Bundestagsabgeordnete Karl Holmeier traf sich am Dienstag mit Vertretern von Industrie, Handwerk, Kammern und Behörden zum ersten "Unternehmerfrühstück der Stadt Maxhütte-Haidhof" im Mehrgenerationenhaus. In seinem Impulsvortrag streifte der CSU-Politiker aktuelle politische Themen und betonte: "Wir müssen die Infrastruktur in den ländlichen Regionen erhalten und ausbauen". Dazu gehöre die Sanierung der Straßen ebenso, wie die Modernisierung des Schienennetzes und der Ausbau der Breitbandversorgung.

Der Vizepräsident der Handwerkskammer Niederbayern/Oberpfalz, Albert Vetterl, kann den Plänen des Bundesverkehrsministers nur wenig Positives abgewinnen. "Die Maut wird das Handwerk stark belasten". Auf Unverständnis stieß bei den Unternehmervertretern das "ständige Auf und Nieder der Spritpreise". Warum könne man die Tankstellenpächter nicht, wie in Österreich, dazu zwingen, die aktualisierten Preis zumindest einen Tag lang stehen zu lassen?

"Wegen der guten wirtschaftlichen Lage wagen immer weniger Menschen den Schritt in die Selbstständigkeit", stellt der Geschäftsführer des Mittelstandszentrums Maximilianshütte in Maxhütte-Haidhof, Christian Meyer, fest.
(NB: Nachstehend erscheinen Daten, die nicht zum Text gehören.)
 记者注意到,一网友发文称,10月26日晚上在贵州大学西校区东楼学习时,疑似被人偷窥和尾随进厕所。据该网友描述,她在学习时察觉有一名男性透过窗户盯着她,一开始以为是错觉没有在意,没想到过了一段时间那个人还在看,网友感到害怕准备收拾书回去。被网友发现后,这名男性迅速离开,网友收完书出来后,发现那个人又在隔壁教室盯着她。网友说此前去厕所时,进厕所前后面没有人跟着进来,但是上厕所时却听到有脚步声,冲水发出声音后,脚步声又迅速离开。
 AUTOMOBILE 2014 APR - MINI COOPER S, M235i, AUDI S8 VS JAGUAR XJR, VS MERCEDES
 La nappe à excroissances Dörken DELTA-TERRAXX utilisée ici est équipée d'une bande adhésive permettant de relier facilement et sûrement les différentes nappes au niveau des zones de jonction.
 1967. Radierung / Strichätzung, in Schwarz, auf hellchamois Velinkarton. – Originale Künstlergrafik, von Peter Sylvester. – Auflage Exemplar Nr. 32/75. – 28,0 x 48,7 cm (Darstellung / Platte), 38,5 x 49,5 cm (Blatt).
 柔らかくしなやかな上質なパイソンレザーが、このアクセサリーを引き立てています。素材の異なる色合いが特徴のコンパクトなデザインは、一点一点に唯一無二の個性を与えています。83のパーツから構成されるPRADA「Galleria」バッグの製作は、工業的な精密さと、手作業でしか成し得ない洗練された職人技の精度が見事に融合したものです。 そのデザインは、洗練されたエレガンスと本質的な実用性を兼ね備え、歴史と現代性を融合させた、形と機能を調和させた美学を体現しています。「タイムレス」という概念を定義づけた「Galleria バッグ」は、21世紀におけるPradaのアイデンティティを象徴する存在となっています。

Der Wegfall des Gründungszuschusses verstärke die Tendenz. "Vermittlung von Arbeitslosen in den Arbeitsprozess hat bei der Agentur derzeit Vorrang", machte der Geschäftsführer deutlich. Deshalb verringere sich die Zahl der Bewerber, die mit der Gründung eines eigenen Unternehmens liebäugeln. Eine Neuauflage des Gründungszuschusses könnte diese Entwicklung stoppen, so der Geschäftsführer.

Bei MdB Karl Holmeier rannte Christian Meyer damit offene Türen ein. Er habe bereits ein Schreiben an das Bundesarbeitsministerium mit einem entsprechenden Antrag geschickt.